NYD-SP29 Das CRISPR-Aktivierungsplasmid (h) bietet einen gezielten, nicht-destruktiven Ansatz zur Hochregulierung der endogenen WDR63-Expression, ohne die zugrunde liegende DNA-Sequenz zu verändern.
NYD-SP29 Das CRISPR-Aktivierungsplasmid (h) ist ein aus drei Plasmiden bestehendes synergistisches Aktivierungsmediator-System (SAM), das für eine hocheffiziente, ortsspezifische transkriptionelle Hochregulation des WDR63-Lokus in menschlichen Zelllinien entwickelt wurde. Das System basiert auf einem katalytisch inaktiven Cas9 (dCas9), das zwei inaktivierende Mutationen (D10A und N863A) trägt, welche die Nukleaseaktivität eliminieren, während die DNA-Bindung erhalten bleibt. Dieses dCas9 ist mit VP64, einem potenten Transkriptionsaktivator, fusioniert und wird zusammen mit einem Blasticidin-Resistenzgen zur Selektion koexprimiert. Das zweite Plasmid kodiert das MS2-p65-HSF1-Fusionsprotein, einen sekundären Aktivatorkomplex, der zusammen mit dCas9-VP64 wirkt, sowie ein Hygromycin-Resistenzgen. Das dritte Plasmid kodiert für eine zielspezifische 20-nt-sgRNA, die an zwei MS2-RNA-Aptamere fusioniert ist, welche den MS2-p65-HSF1-Komplex an die Aktivierungsstelle rekrutieren, begleitet von einem Puromycin-Resistenzgen. Die drei Plasmide werden im Massenverhältnis 1:1:1 verabreicht, um eine ausgewogene Expression aller Systemkomponenten zu gewährleisten.
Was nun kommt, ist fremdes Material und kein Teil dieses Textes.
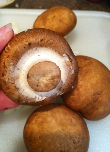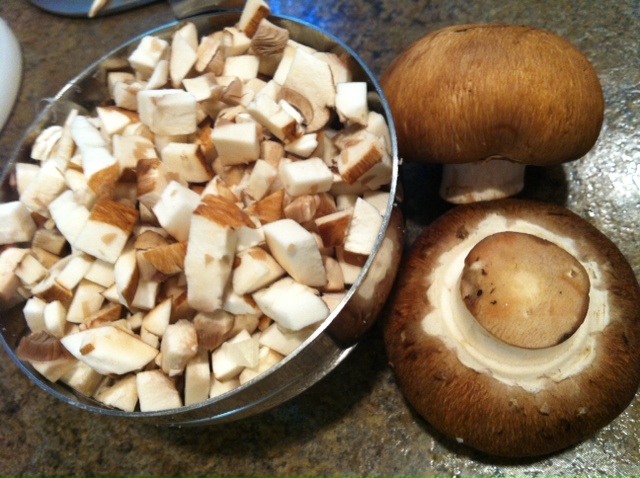 Clean mushrooms by rubbing them with a wet paper towel from the top-center, down as they have tiny little fibers that get all ruffled if you go against the grain. Don’t run water over your mushrooms because they will absorb the water. When your picking out your mushrooms, make sure you choose ones that are completely sealed under the cap, are firm and have no bruises. Trim off the end of the mushroom and dice.
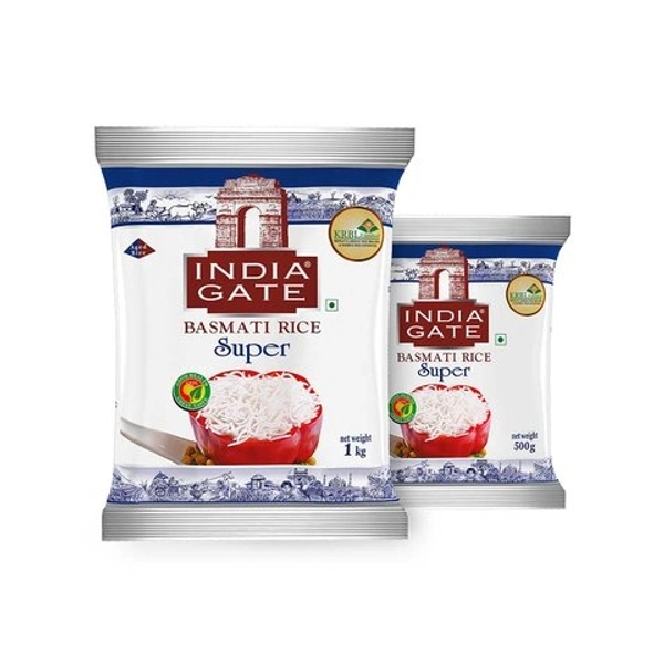 India Gate Super Basmati Rice is optimum quality basmati rice aged to get its superior quality, it is non-sticky when cooked and has gone through an optimum aging process which reduces the moisture content, increases aroma and provides the best cooking and tasting experience, long grain rice, preferred for daily use, ideal for making Briyani, Pulao, etc.
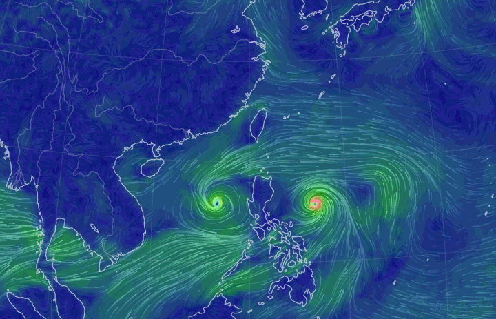 由于有“双台风”存在,预报路径和强度有很大的不确定性,请及时关注最新的信息。
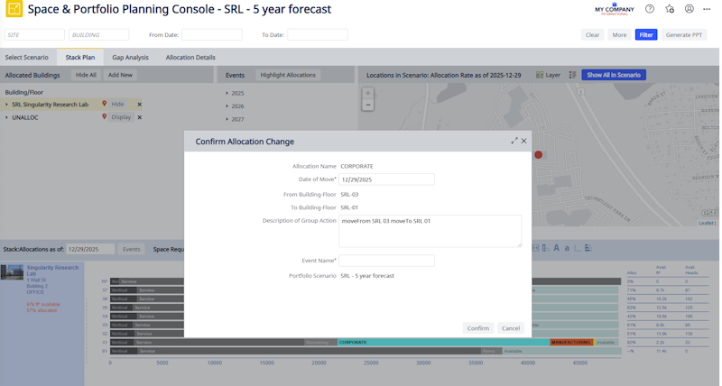 - Open the Space & Portfolio Planning Console, select a scenario, move to the Stack Plan tab, and display the stack plan for the selected building. If you plan on moving allocations between multiple buildings or ot the Unallocated building, be sure to display the stack plans for these buildings.
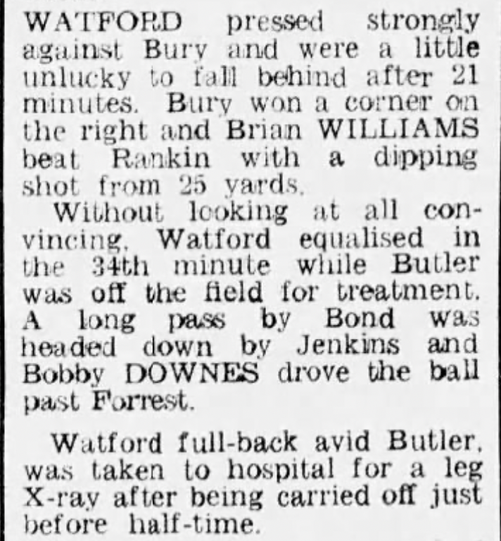 5th October 1974-Division Three, Watford 2 Bury 1 Leave a Reply http://watford.fcdb.info?id=3041 Evening Standard, 5 Oct 1974 Sunday People, 8 Oct 1974 Watford Observer match report Taken from 22 Aug 2009 Watford v Blackpool programme Share this: Click to share on X (Opens in new window) X Click to share on Facebook (Opens in new window) Facebook
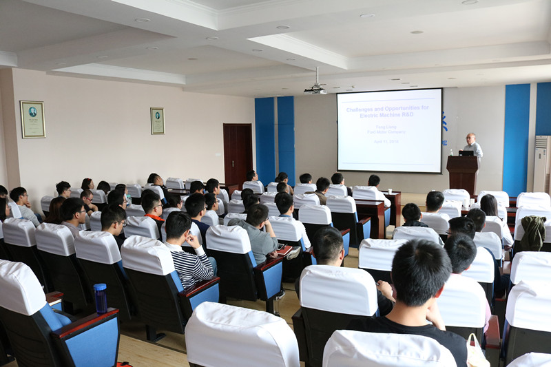 4月11日, Liang Feng博士在米兰体育官网 3号楼报告厅做“Challenges and Opportunities for Electric Machine R&D”学术报告,米兰体育官网 近百名师生参加了报告会。报告从新能源汽车驱动电机的基本原理、特性和要求出发,分析新能源汽车驱动电机的转矩-功率特性,提炼出新能源汽车驱动永磁电机的高效率、转矩密度提升及振动噪声等核心问题,并介绍了福特公司研发团队在效率提升及转矩脉动抑制等领域取得的诸多研究成果和创新思想。报告会持续3个多小时,极大拓宽了师生对于新能源汽车驱动系统的认识和视野。
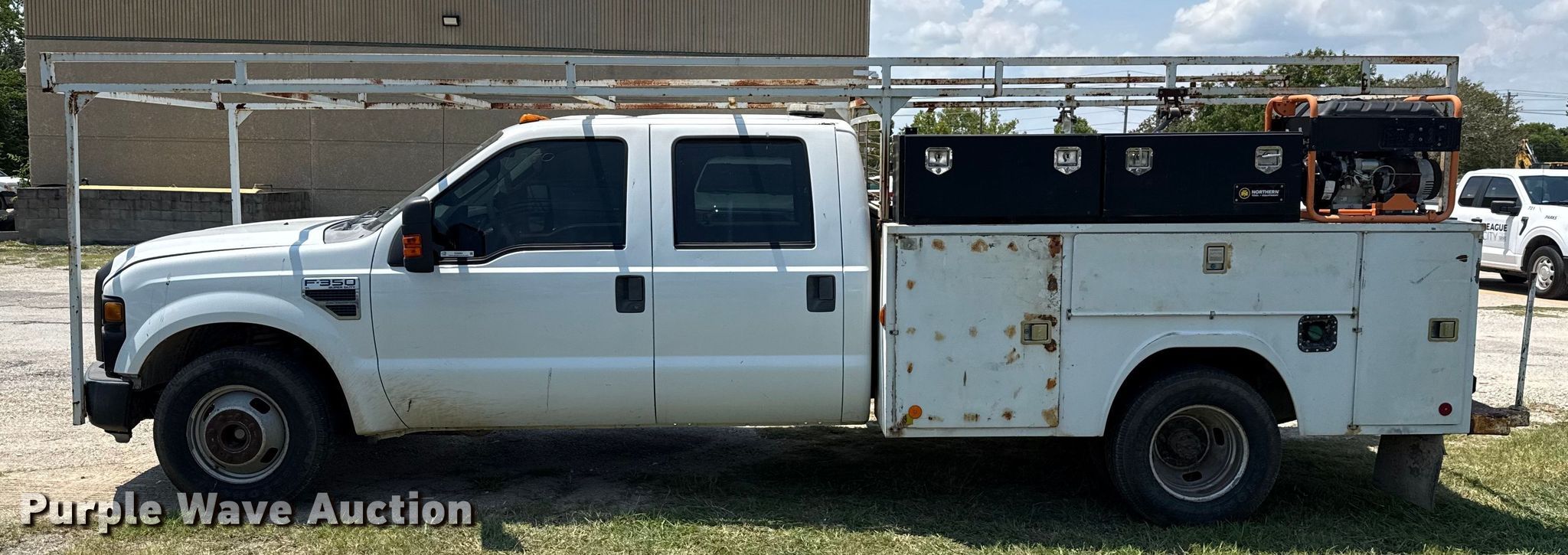 2010 Ford F350 Super Duty Crew Cab utility bed pickup truck has sold in League City, Texas for $2200. Item EU0064 sold on October 14th, 2025.
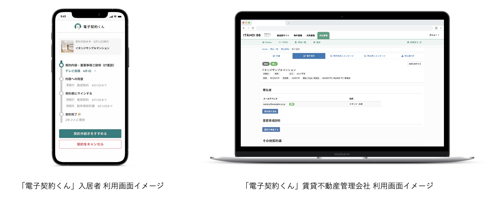 イタンジの不動産賃貸業務のDXサービス群「ITANDI BB +(イタンジビービー プラス)」の不動産関連電子契約システム「電子契約くん」は、賃貸住宅の入退去に関する契約締結をオンラインで完結できるシステムです。
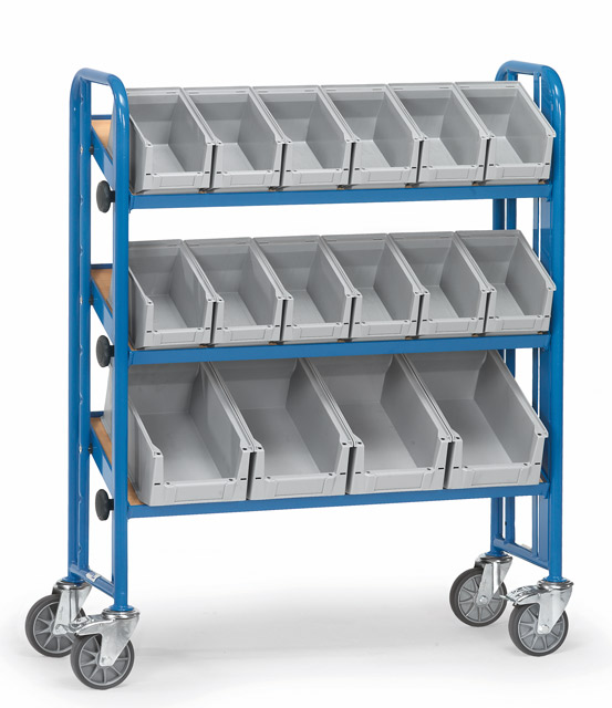 Notre chariot d'atelier à bacs plastique en mécano-soudé est un mobilier indispensable pour la mise à disposition de pièces grâce à 16 bacs en plastiques de différentes dimensions.

Nach der Assemblierung am Zielort bindet der SAM-Komplex etwa 200 bp stromaufwärts der WDR63-Transkriptionsstartstelle, wo VP64, p65 und HSF1 gemeinsam die Transkriptionsmaschinerie rekrutieren und die Hochregulation der endogenen NYD-SP29-Expression vorantreiben. Im Gegensatz zu nukleaseaktivem Cas9 verursacht dCas9 keine Doppelstrangbrüche und verändert die genomische Sequenz nicht, wodurch der native WDR63-Locus erhalten bleibt und die Untersuchung von NYD-SP29-abhängigen Transkriptionsreaktionen am endogenen Locus ermöglicht wird. Dies macht es zu einem wertvollen Werkzeug für Funktionsstudien, die Identifizierung von Zielgenen und die Modellierung der Wiederherstellung des NYD-SP29-Signalwegs in Tumorzellen mit stillgelegtem oder reduziertem WDR63-Ausdruck.
Nur für Forschungszwecke. Nicht für diagnostische oder therapeutische Zwecke bestimmt.